Dataset items
+--

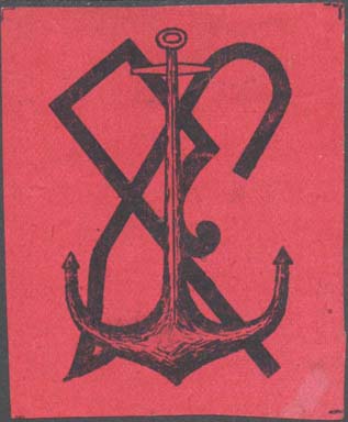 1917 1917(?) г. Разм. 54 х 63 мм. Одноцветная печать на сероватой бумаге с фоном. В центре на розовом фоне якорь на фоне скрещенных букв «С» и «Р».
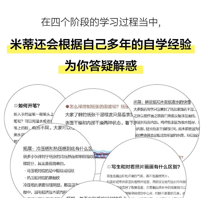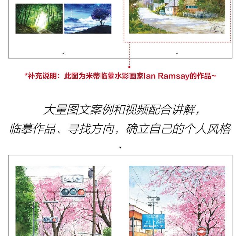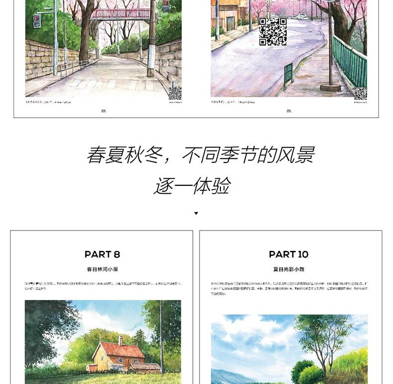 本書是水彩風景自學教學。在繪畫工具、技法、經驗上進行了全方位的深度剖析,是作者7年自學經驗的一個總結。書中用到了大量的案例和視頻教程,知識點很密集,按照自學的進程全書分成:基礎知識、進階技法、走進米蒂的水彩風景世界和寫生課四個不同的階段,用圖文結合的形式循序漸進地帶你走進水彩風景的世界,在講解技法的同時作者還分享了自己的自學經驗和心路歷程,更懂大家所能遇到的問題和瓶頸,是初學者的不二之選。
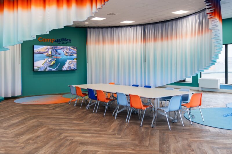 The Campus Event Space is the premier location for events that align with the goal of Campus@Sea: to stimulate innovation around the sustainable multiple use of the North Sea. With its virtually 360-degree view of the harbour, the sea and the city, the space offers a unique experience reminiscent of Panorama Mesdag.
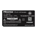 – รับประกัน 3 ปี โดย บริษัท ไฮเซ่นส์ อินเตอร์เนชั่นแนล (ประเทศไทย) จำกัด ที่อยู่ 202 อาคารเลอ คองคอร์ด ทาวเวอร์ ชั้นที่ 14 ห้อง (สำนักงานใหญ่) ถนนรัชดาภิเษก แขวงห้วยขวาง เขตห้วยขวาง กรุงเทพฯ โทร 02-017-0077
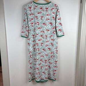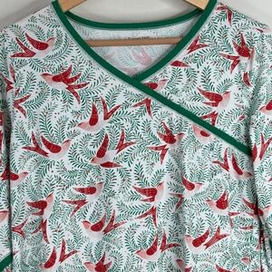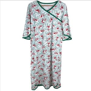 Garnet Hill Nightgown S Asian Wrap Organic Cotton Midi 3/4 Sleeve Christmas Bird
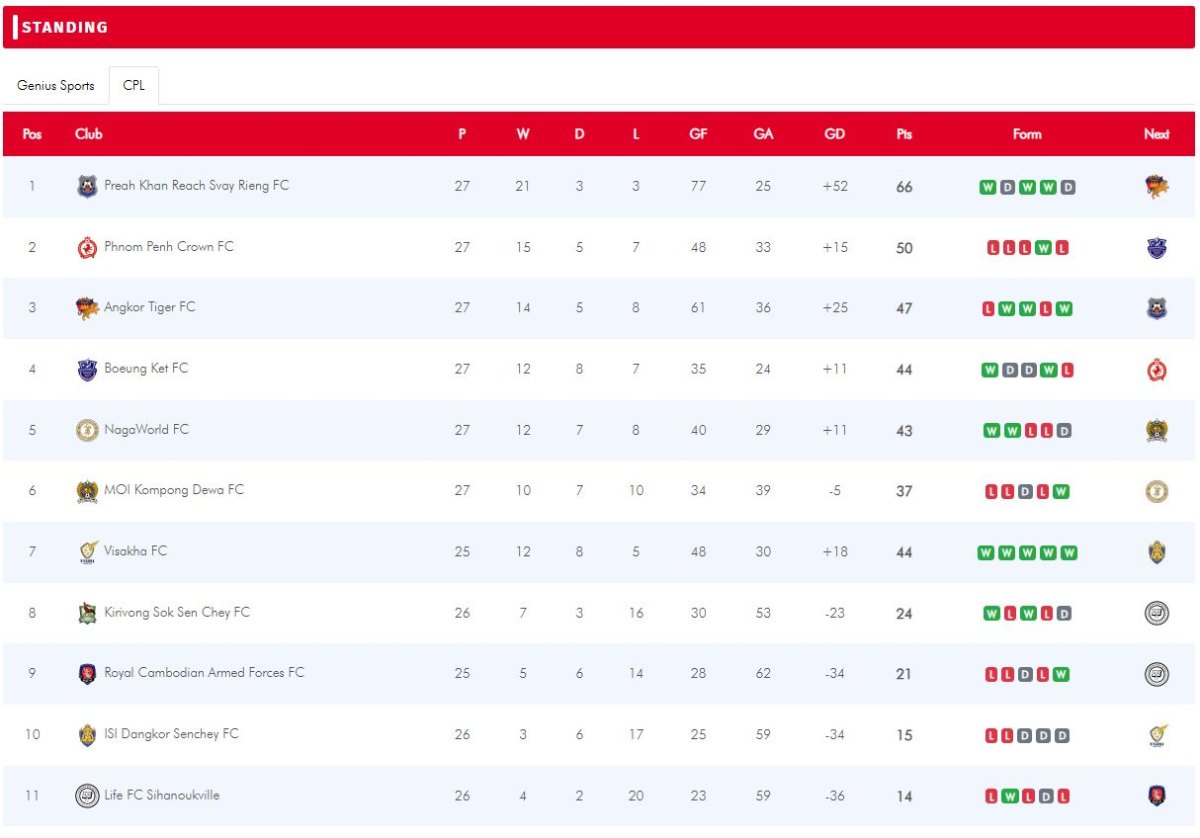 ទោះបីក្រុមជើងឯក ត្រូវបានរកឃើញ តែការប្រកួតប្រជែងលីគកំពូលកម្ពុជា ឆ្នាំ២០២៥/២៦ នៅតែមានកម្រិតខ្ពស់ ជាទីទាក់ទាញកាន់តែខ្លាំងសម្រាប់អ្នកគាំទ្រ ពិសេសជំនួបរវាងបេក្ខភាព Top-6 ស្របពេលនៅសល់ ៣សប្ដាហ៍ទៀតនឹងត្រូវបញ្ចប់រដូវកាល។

+--

## Exercise
Word for word, give the data above again, without any images.

## Response below
 1917 1917(?) г. Разм. 54 х 63 мм. Одноцветная печать на сероватой бумаге с фоном. В центре на розовом фоне якорь на фоне скрещенных букв «С» и «Р».
 本書是水彩風景自學教學。在繪畫工具、技法、經驗上進行了全方位的深度剖析,是作者7年自學經驗的一個總結。書中用到了大量的案例和視頻教程,知識點很密集,按照自學的進程全書分成:基礎知識、進階技法、走進米蒂的水彩風景世界和寫生課四個不同的階段,用圖文結合的形式循序漸進地帶你走進水彩風景的世界,在講解技法的同時作者還分享了自己的自學經驗和心路歷程,更懂大家所能遇到的問題和瓶頸,是初學者的不二之選。
 The Campus Event Space is the premier location for events that align with the goal of Campus@Sea: to stimulate innovation around the sustainable multiple use of the North Sea. With its virtually 360-degree view of the harbour, the sea and the city, the space offers a unique experience reminiscent of Panorama Mesdag.
 – รับประกัน 3 ปี โดย บริษัท ไฮเซ่นส์ อินเตอร์เนชั่นแนล (ประเทศไทย) จำกัด ที่อยู่ 202 อาคารเลอ คองคอร์ด ทาวเวอร์ ชั้นที่ 14 ห้อง (สำนักงานใหญ่) ถนนรัชดาภิเษก แขวงห้วยขวาง เขตห้วยขวาง กรุงเทพฯ โทร 02-017-0077
 Garnet Hill Nightgown S Asian Wrap Organic Cotton Midi 3/4 Sleeve Christmas Bird
 ទោះបីក្រុមជើងឯក ត្រូវបានរកឃើញ តែការប្រកួតប្រជែងលីគកំពូលកម្ពុជា ឆ្នាំ២០២៥/២៦ នៅតែមានកម្រិតខ្ពស់ ជាទីទាក់ទាញកាន់តែខ្លាំងសម្រាប់អ្នកគាំទ្រ ពិសេសជំនួបរវាងបេក្ខភាព Top-6 ស្របពេលនៅសល់ ៣សប្ដាហ៍ទៀតនឹងត្រូវបញ្ចប់រដូវកាល។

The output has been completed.